Automotive: How regulation will determine what EV scenario develops after Covid-19

EV electric vehicle

The EU Commission is considering a further strengthening of its support for clean transportation as part of the “green recovery plan” after the Covid-19 crisis. The resulting incentive package would involve:

  • An EU-wide purchasing facility for clean vehicles amounting to €20Bn for the next two years (assuming a reasonable €5,000 per vehicle, this would equate to approximately 4M vehicles). The type of “clean vehicle” involved in the package was not specified.
  • A clean automotive investment fund of €40–60Bn to accelerate investments in zero-emissions drivetrains.
  • Doubling of the EU investment package to fund an additional 2M alternative refuelling stations by 2025.
  • Zero-emissions vehicles to be exempted from value added tax (~20%).

Roskill View

An unchanged EV regulatory scenario in both Europe and China was the premise for keeping future EV sales aligned with Roskill’s base-case scenario, which already factors in the impact of the Covid-19 crisis. While the EU’s decision is not final, positive regulatory signals were also observed in China with the extension of the NEV subsidy program until 2022 and tax exemptions by the end of 2020. However, given the negative economic outlook looming for most advanced economies, there are strong chances that automakers will produce just enough EVs to comply with the minimum required by European and Chinese EV targets. This would align with Roskill’s Low Case scenario.

While logic dictates that, as a result of the pandemic, cash-starved car makers could temporarily halt the research and production of plug-in EVs, that would undoubtedly send the wrong message to investors. Would investors put their money into companies that invest into a clean and electrified future, or in maintaining a status quo that will eventually be swept away by regulators? The fact that Tesla and Toyota are the most capitalised carmakers in the world is not a coincidence after all.

Despite the pandemic, and to comply with regulators’ targets, the world’s largest OEMs will continue to develop large-scale EV manufacturing in the next two years. From VW’s “all-in” EV strategy targeting the European and Chinese markets, to GM targeting the Chinese and the less emissions-regulated (at a federal level) North American market. Similarly, Hyundai-Kia is increasing its EV manufacturing capacity for the European market this year.
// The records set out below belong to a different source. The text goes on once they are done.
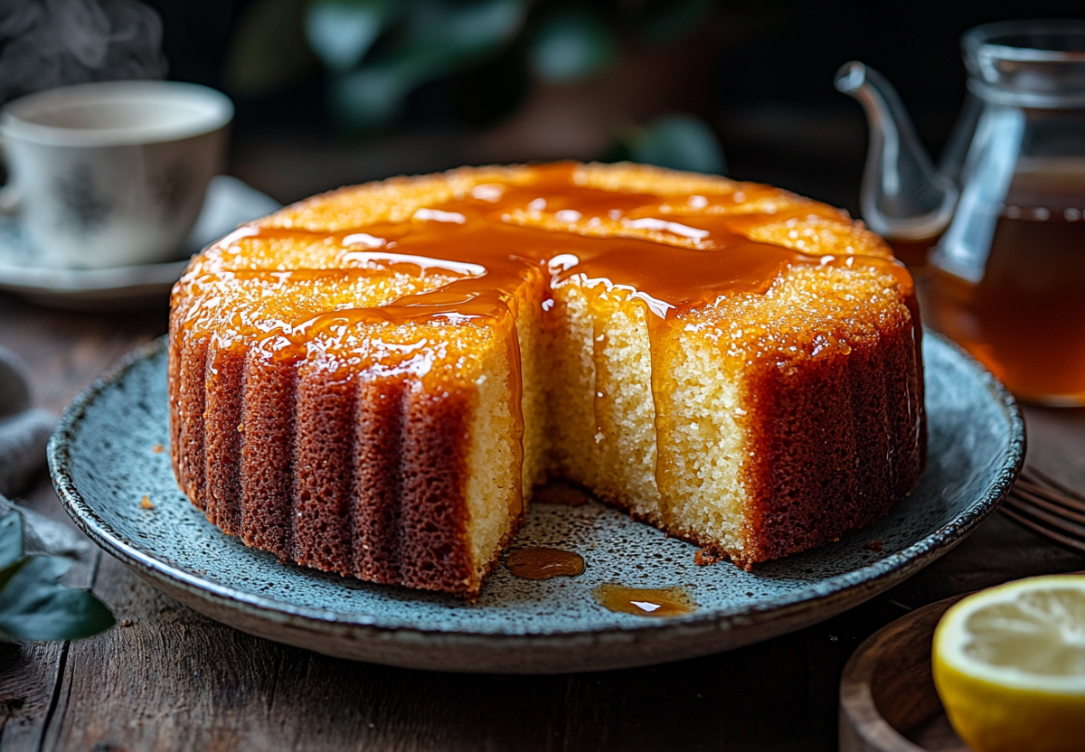 - Пропитка: поджарьте сахар на сковороде с корицей до золотистости сахара, добавьте молоко и прогрейте до растворения. Горячий пирог проколите вилкой и равномерно полейте молочной смесью.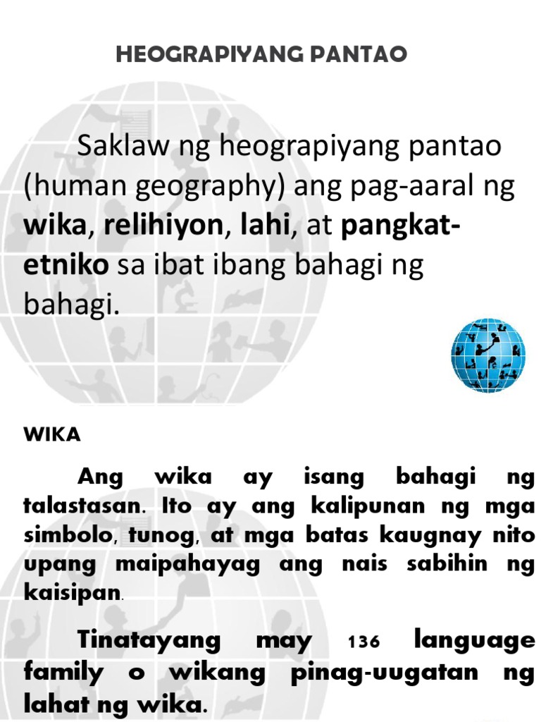 Saklaw ng Heograpiyang pantao human heography pag-aaral ng wika relihiyon lahi at pangkat-etniko sa ibat ibang bahagi ng daigdig. Ang Heograpiyang Pisikal. Gayondin ang pisikal o bayolohikal na katangian ng pangkat.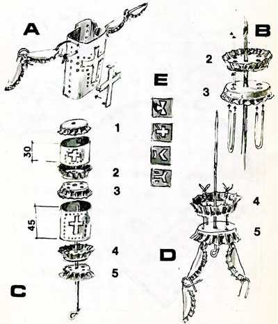 В начале заготавливаются детали: четыре пробки с помощью плоскогубцев легкими ударами молотка по краям расправляются так, чтобы они получили форму плоских дисков, напоминающих перевернутую вверх дном тарелку. Эти диски будут использованы для сборки основания фигуры. Три пробки превращаются в выпуклые сферические диски. Для этого надо пробки расправлять молотком на металлической подставке, поворачивая их и равномерно ударяя по гофрированному краю. Из сферических дисков делают щит рыцаря и спинку. Пять пробок в своей обычной форме используют для сборки пояса — 2 шт. и плеч — 3 шт. Остальные 17 пробок плоскогубцами сгибают пополам в виде речной ракушки. При этой операции постарайтесь поверхность пробок не мять и не царапать.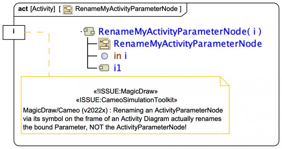 ISSUE/GOTCHA: MagicDraw/Cameo v2022x: UML/SysML: If you "rename" an ActivityParameterNode symbol on the frame of an Activity Diagram it actually renames the underlying Parameter (only) NOT the name of the ActivityParameterNode element!

Even Ford and Toyota, historically lagging behind in the mass manufacture of plug-in EVs, have signed battery supply deals with China’s BYD, while sharing platform development costs with other carmakers. The previous four car companies, plus Tesla, are together expected to have the manufacturing capacity to produce 2M plug-in vehicles in 2021 (103GWh of installed battery capacity) and almost 3M by 2022 (151GWh ) according to Roskill’s analysis of EV manufacturing plants worldwide. At this stage, it is simply not possible to back-down from the investment in research and dedicated e-platforms these car companies have committed to.

Note: BaU 2020 scenario represents the expected EV (BEV/PHEV) sales before the Covid-19 crisis

The focus on EVs is even greater now after VW and Daimler put an end to their FCEV hydrogen passenger car programmes, citing that the technology would not be as cost competitive as EVs until later in the decade. However, while most automakers seem aligned in EV manufacturing, not all EV markets will develop evenly. Though Tesla opened the EV market to the US consumer, it will take longer for other carmakers to reach such market shares in the USA amid a domestic regulation taking the opposite direction to most advanced economies.

Although it is still difficult to ascertain to which EV scenario the market will trend, two things are clear:

  1. The Covid-19 pandemic has impacted 2020 EV sales but may create a more supportive EV policy and incentive environment coming out of it.
  2. The Covid-19 pandemic, along with the recent US-China trade war, has shown how vulnerable certain industries are to strategic but outsourced supply chains in Asia. Beyond the uncertain trajectory of EV sales, a desire to shift away from over-dependence on Asia may result in changes to the EV supply chain happening more quickly than planned, and may go some way to explain why the European Commission is considering the €40–60Bn fund to develop zero-emissions drivetrains.